Título: Cientistas políticos alertam: sociedade exige apuração séria
Autor: Israel Tabak
Fonte: Jornal do Brasil, 19/06/2005, País, p. A4

O governo ainda não acordou para a gravidade da crise que enfrenta. Insiste na antiquada estratégia de tentar esconder a sujeira embaixo do tapete, sem desconfiar que a sociedade vive um novo momento, mais consciente, e exige a apuração total e a punição dos eventuais envolvidos nos episódios dos Correios e do mensalão. Esta é a avaliação de Eurico Figueiredo, coordenador do programa de pós-graduação em ciência política da Universidade Federal Fluminense (UFF).

- A sociedade ferve de indignação com essas denúncias e o governo às vezes age como se não fosse com ele. É uma atitude esquizofrênica.

A questão da governabilidade é vista pelo cientista político sob um prisma diferente. Argumenta que se o governo mudar sua atitude, for de fato rigoroso e exibir vontade para punir os aliados eventualmente envolvidos em irregularidades, ganhará respaldo da opinião pública.

- Esta seria a chave da governabilidade. Agir com rigor e seriedade e assim conquistar apoio de fora para dentro, impondo aos partidos aliados o mesmo processo de depuração. Todos os partidos têm homens limpos e dignos, que merecem espaço.

O cientista político Marcus Figueirdo, do Instituto Universitário de Pesquisas do Rio de Janeiro (Iuperj) concorda que é prejudicial ao governo tentar manobrar politicamente a CPI dos Correios. Ao mesmo tempo, é importante continuar fortalecendo a ação da Polícia Federal.

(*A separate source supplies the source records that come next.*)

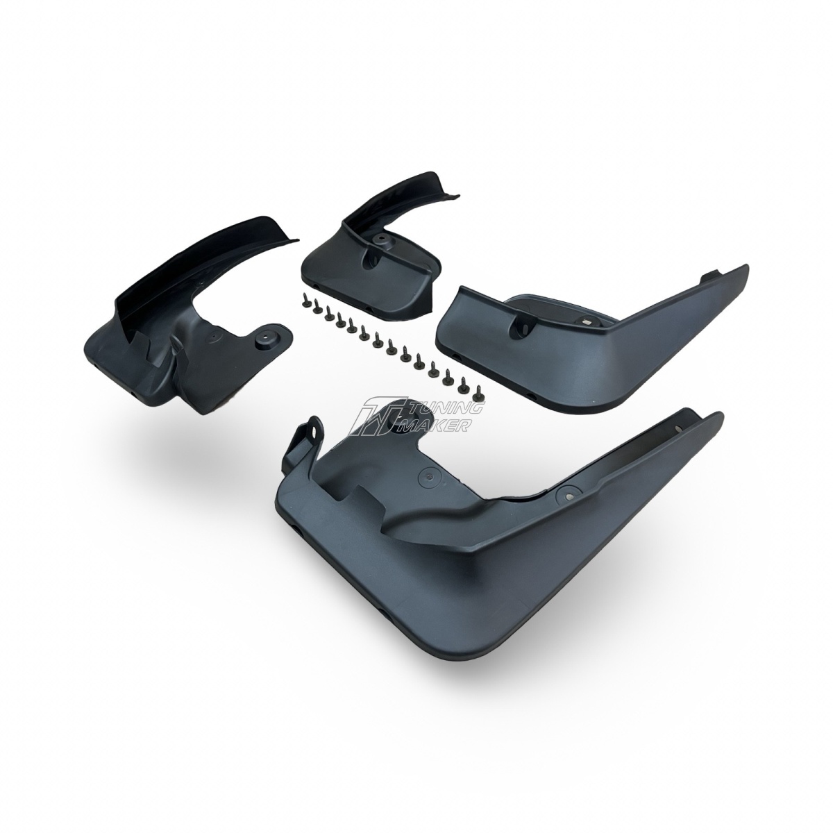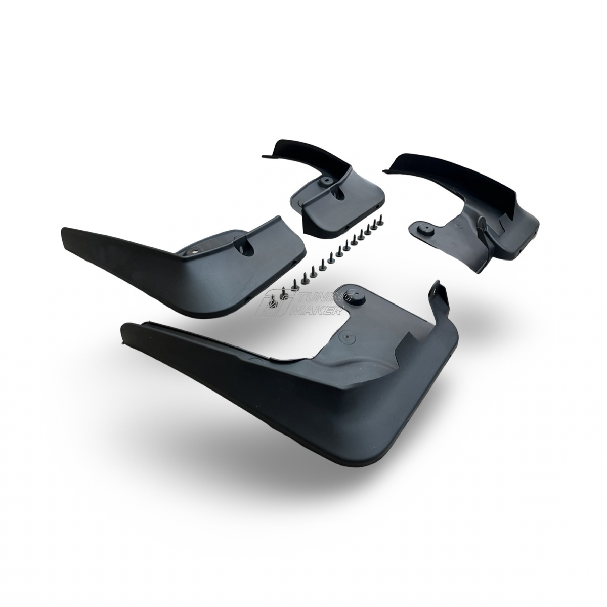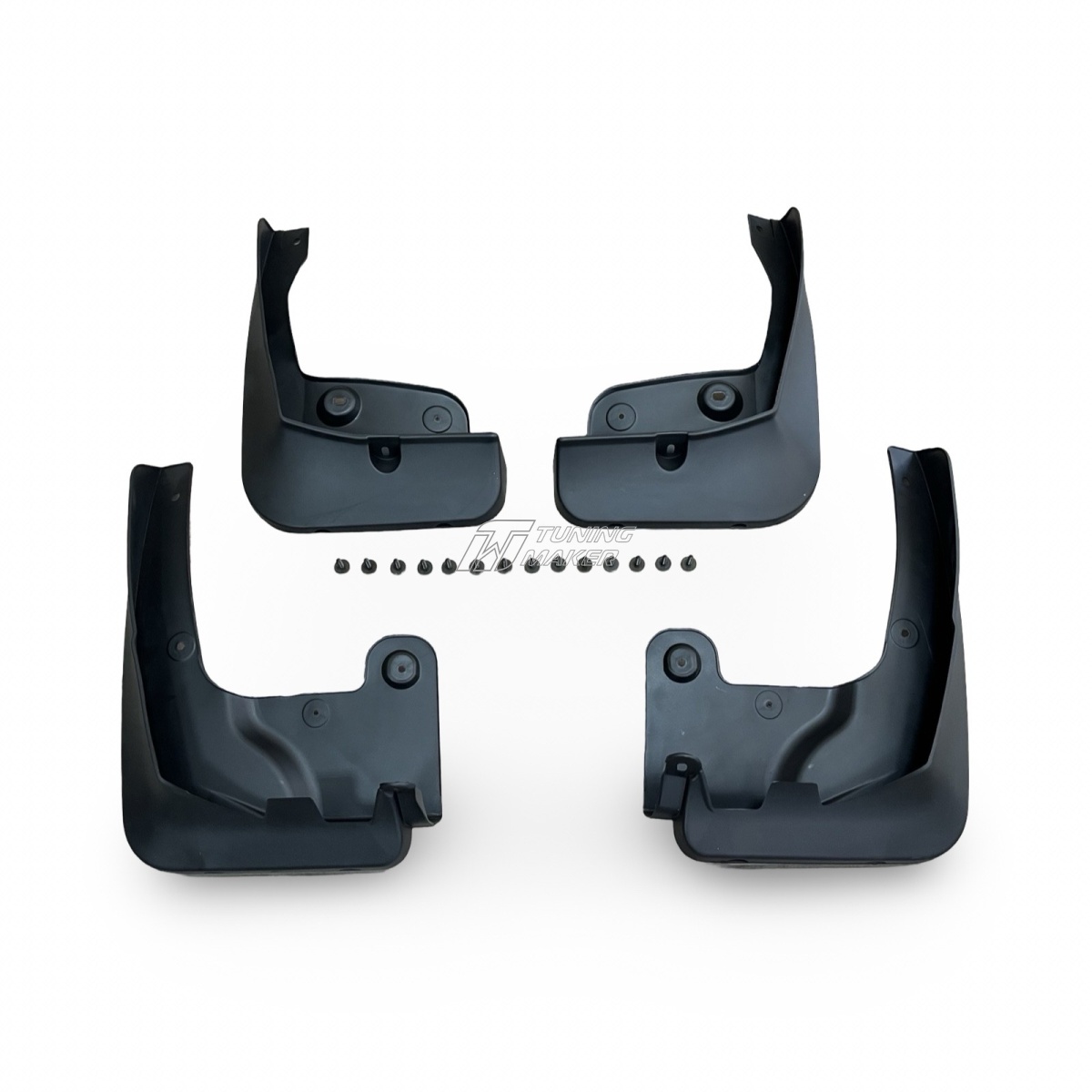 - Комплект из 4 брызговиков: комплектуется для передних и задних колёс и поставляется со всеми необходимыми креплениями для надёжного монтажа.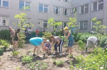 В гимназии №13 проводят акцию "Укрась свою планету". Учащиеся гимназии совместно с учителями вышли на посадку цветов.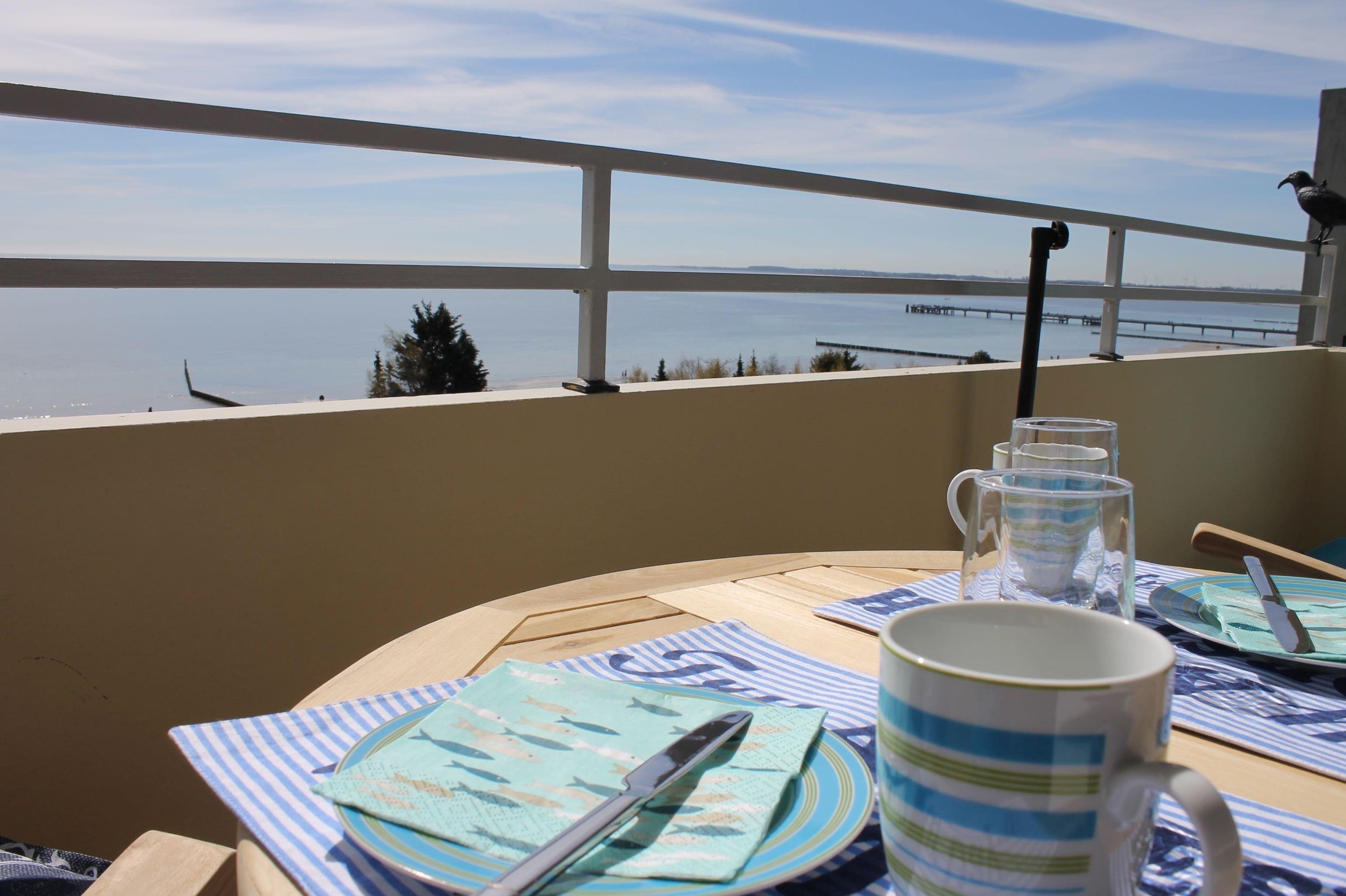 Großer Südbalkon mit grandiosem Meerblick bis zum Horizont. Auf der rechten Seite bis zur Seebrücke/Hafen. Die Sonne scheint bis zum Nachmittag auf den Balkon.

Eurico Figueiredo, da UFF, adverte que o presidente Luiz Inácio Lula da Silva, além de chefe de governo, tem que assumir cada vez mais a posição de chefe de estado. Não pode permitir, por exemplo, que o Executivo e o Legislativo sejam tema de ''chacota popular''.

- Isto sim seria um foco perigosíssimo de instabilidade política. Aparentemente, em razão dos bons índices que continua ostentando nas pesquisas, o presidente considera que as críticas ainda não o atingem. A avaliação está errada. Este escândalo ainda vai durar pelo menos três meses e deve provocar um grande desgaste para o Planalto.

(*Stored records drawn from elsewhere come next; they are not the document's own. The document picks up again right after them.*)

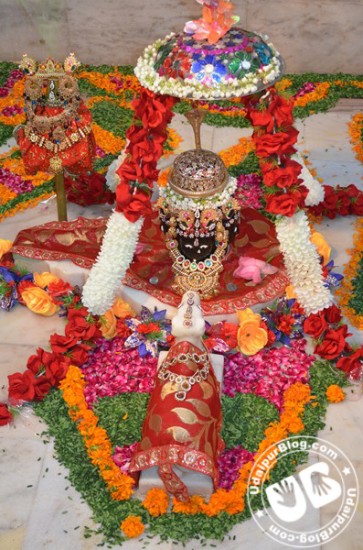 Janmashtmi Celebration at Sector 11 machla magra Udaipur at Triyambakeshar Mahadev Temple included Amazing Shringar and beautiful tableau(jhanki) of Lord Krishna; Bhajan mandli continued till midnight and celebrated Birthday of Lord Krishna.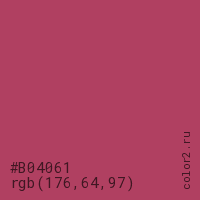 Цвет #B04061 в цветовой модели RGB обозначается тремя октетами (176, 64, 97) в десятичном формате и #B04061 в шестнадцатиричном (hex) формате, которые являются интенсивностью красного 176 (hex B0), интенсивность зелёного 64 (hex 40) и интенсивность синего 97 (hex 61).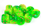 Gemini Dice (Plasma Green And Teal With Orange Pips) | 12 x D6 Dice Set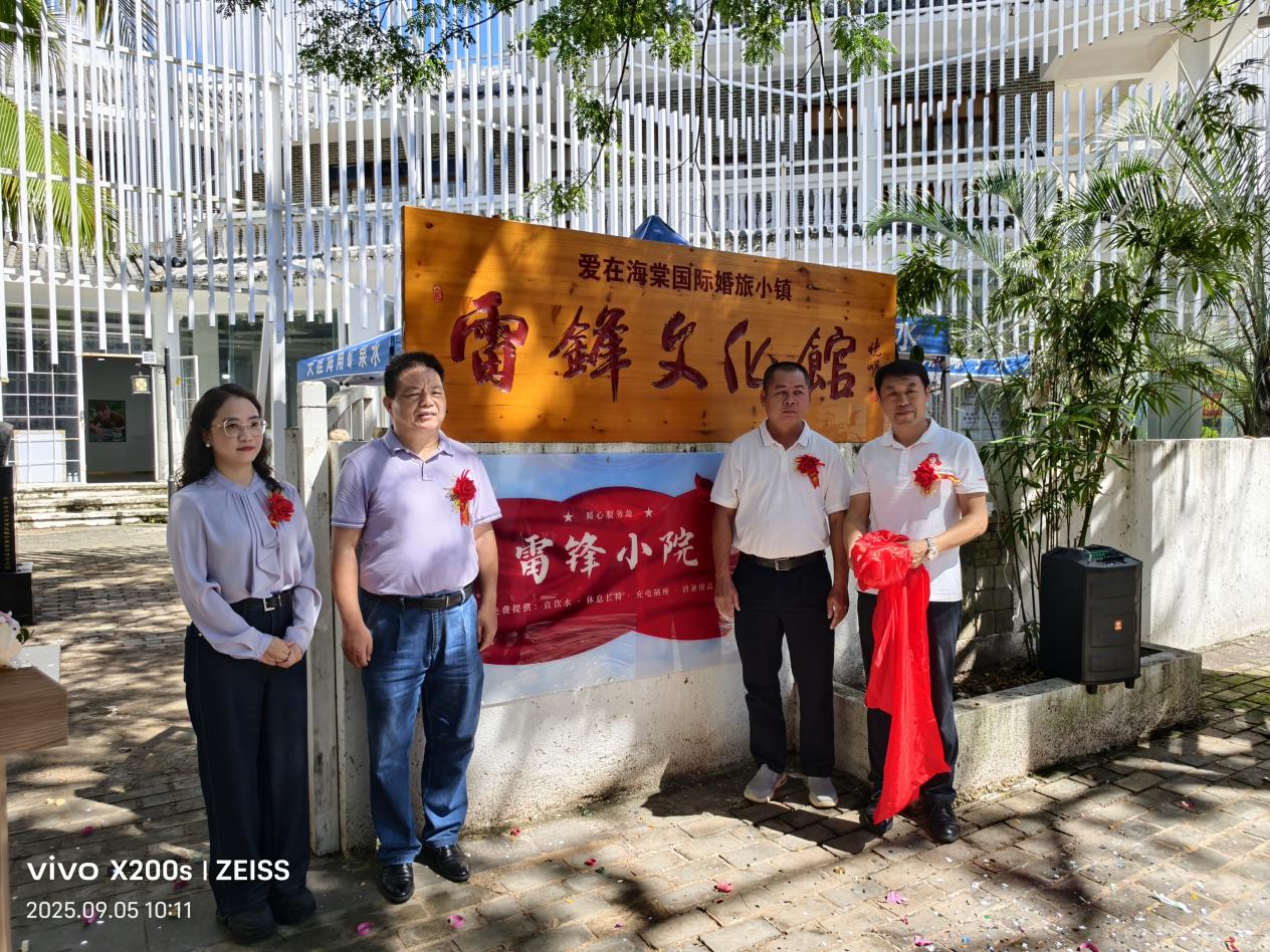 2025年9月5日,由三亚市雷锋文化促进会、爱在海棠国际婚旅小镇共同创建的海南首家雷锋小院在三亚市海棠区落成,同时落成的还有海棠区青年志愿者联合会志愿者之家,三亚市关工委、市委社会工作部、团市委、市妇联、市文明城市服务中心、市红十字会以及海棠区的有关部门负责同志出席了活动。
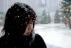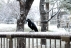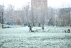 赤れんがのとこのカモ。さむそう。だって雪が降っているのだもの。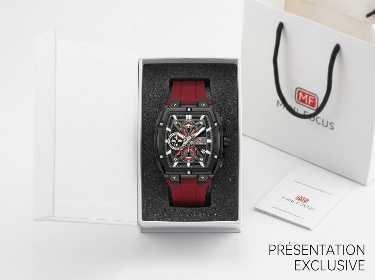 Découvrez la montre MINI FOCUS, une prouesse de design sportif et d’ingénierie moderne. Son cadran multifonctionnel et son bracelet rouge vif en font l’accessoire parfait pour l’homme audacieux et stylé.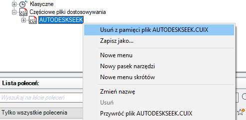 Zostaną wyświetlone wszystkie częściowe pliki CUIx wczytane w głównym pliku CUIx.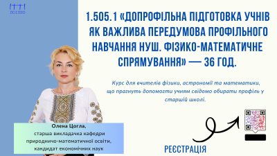 1.505.1 «Допрофільна підготовка учнів як важлива передумова профільного навчання НУШ. Фізико-математичне спрямування» — 36 год.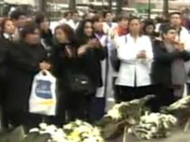 Esta mañana cerca de 20 doctores del hospital Dos de Mayo realizaron una singular protesta llevando lágrimas funerarias.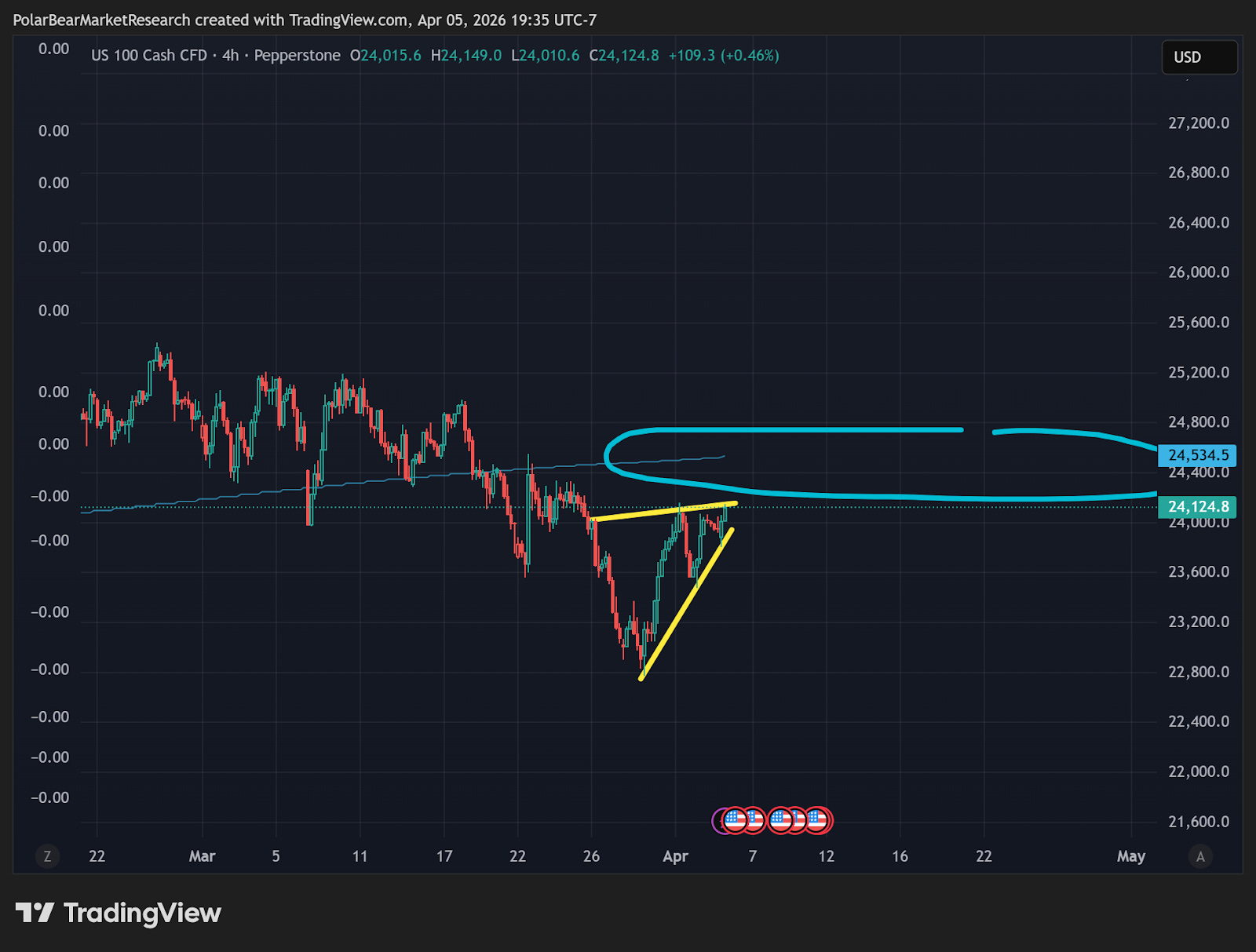 This very short-term uptrend (on the 4hr) has taken the Nasdaq higher over the last few sessions, and is continuing overnight with about a .4% gain on NQ. I would take anything with a grain of salt until the President provides the next updates to action in Iran, given the situation with the Strait of Hormuz.

Na opinião de Figueiredo, existem ''perguntas graves'' que estão sem resposta:

- Se o presidente foi de fato informado sobre o mensalão porque não mandou apurar e punir? Porque os ministros avisados não tomaram nenhuma atitude?

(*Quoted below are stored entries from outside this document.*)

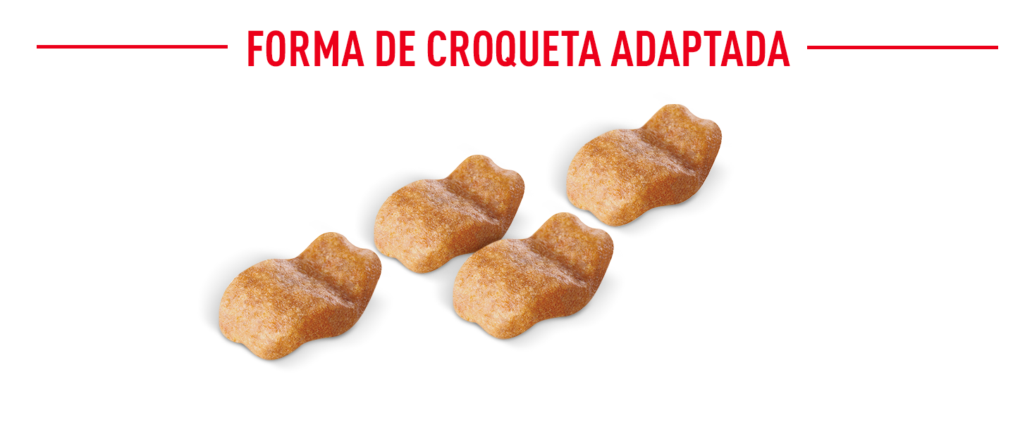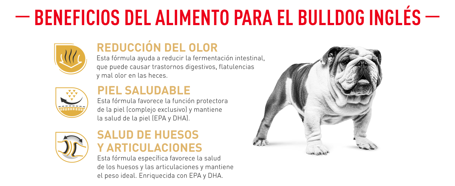 Il crocchette di ROYAL CANIN® Bulldog Adult è stata adattata in modo esclusivo ai cani di razza Bulldog, dato che una delle caratteristiche di questa razza è il muso rivolto verso l'alto e la differenza di dimensioni tra le mascelle (la mascelle superiore è più corta di quella inferiore), per cui le dimensioni e la forma del crocchette sono state adattate specificamente per facilitare l'assunzione di cibo.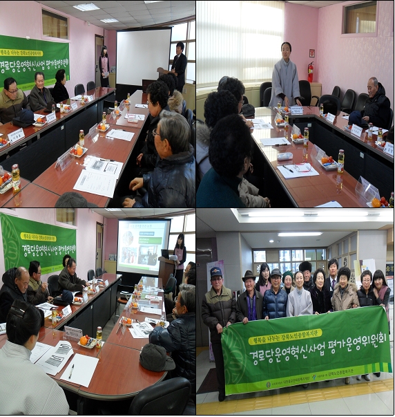 시립강북노인종합복지관 복지2과 경로당지원팀에서는 리더십사업으로 4분기 평가운영위원회가 진행되었습니다. 집중관리경로당 10개소 평가운영위원들을 모시고, 한 해 사업을 평가하는 시간을 가졌습니다. 이번 회의에는 관장님 인사말씀, 사업보고, 안건토의로 이루어졌습니다. 이번 평가회를 통해서 2011년을 점검하고, 2012년 계획을 세울 수 있는 기회가 되었습니다. 이번 행사에 참석해주신 평가운영위원들에게 감사드립니다.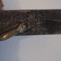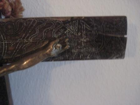 - Cruz en madeira formando debuxos, arabescos e aréola, con craviños en bronce. A cruz é simple e escadrada. O Crucificado, fundido en bronce, é de tres cravos.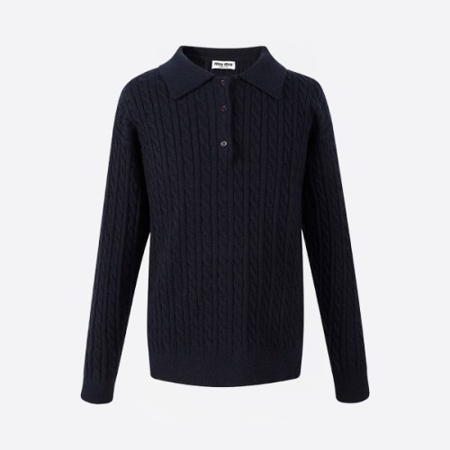 미우미우 네이비 캐시미어 니트 폴로 셔츠 > ★ Top

A volta de José Dirceu à atividade parlamentar pode ser uma faca de dois gumes, de acordo com o professor da UFF:

- Onde há fumaça, há fogo. Creio que não será fácil ao ex-ministro convencer a sociedade de que não tem nada a ver com os fatos denunciados. Com isso, o descrédito que hoje está sofrendo pode ser transmitido para o PT. Até o seu próprio processo de defesa deverá provocar um desgaste. Por isso, foi errada a estratégia de transformá-lo em combatente do governo no Congresso. Ele deveria ficar de quarentena, talvez em algum posto no exterior.

Para Marcus Figueiredo, do Iuperj, fora da Casa Civil, pelo menos Dirceu ''não atrapalhará tanto''. O cientista político considera que ex-ministro foi tragado pela falta de normas e critérios definidos que envolvem o financiamento da política partidária.

Explica que a crise gerada por quatro episódios - o caso Waldomiro, a corrupção no Ibama e os escândalos dos Correios e do mensalão têm a mesma origem: o financiamento da política partidária e das eleições.

- A questão é saber como a sociedade vai financiar uma atividade inerente à democracia, que tem de existir. A falta de normas claras e de fiscalização na entrada e saída do dinheiro está na raiz de todos esses escândalos.

Em outros países - lembra - onde há o mesmo esquema misto de financiamento público e privado da atividade política, existe um controle eficaz.

- Nos Estados Unidos se fazem planos de arrecadação e de gastos, com o conhecimento das autoridades. Aqui é tudo informado a posteriori.

Marcus Figueiredo opina que é preciso uma legislação rigorosa para o financiamento da atividade partidária e das campanhas, além de um controle eficiente dos recursos empregados.

- Auditores da União podem trabalhar a serviço do Tribunal Superior Eleitoral, indicando, por exemplo, se há sinais de uso excessivo de dinheiro nas campanhas. É o mesmo mecanismo rotineiramente usado para avaliar sinais exteriores de riqueza.

O Planalto não pode esquecer outros deveres de casa:

- Os ministérios políticos estão desgastados e os da área social são acusados de gestão ineficaz. O nível da administração precisa melhorar porque baixou muito com o loteamento de cargos.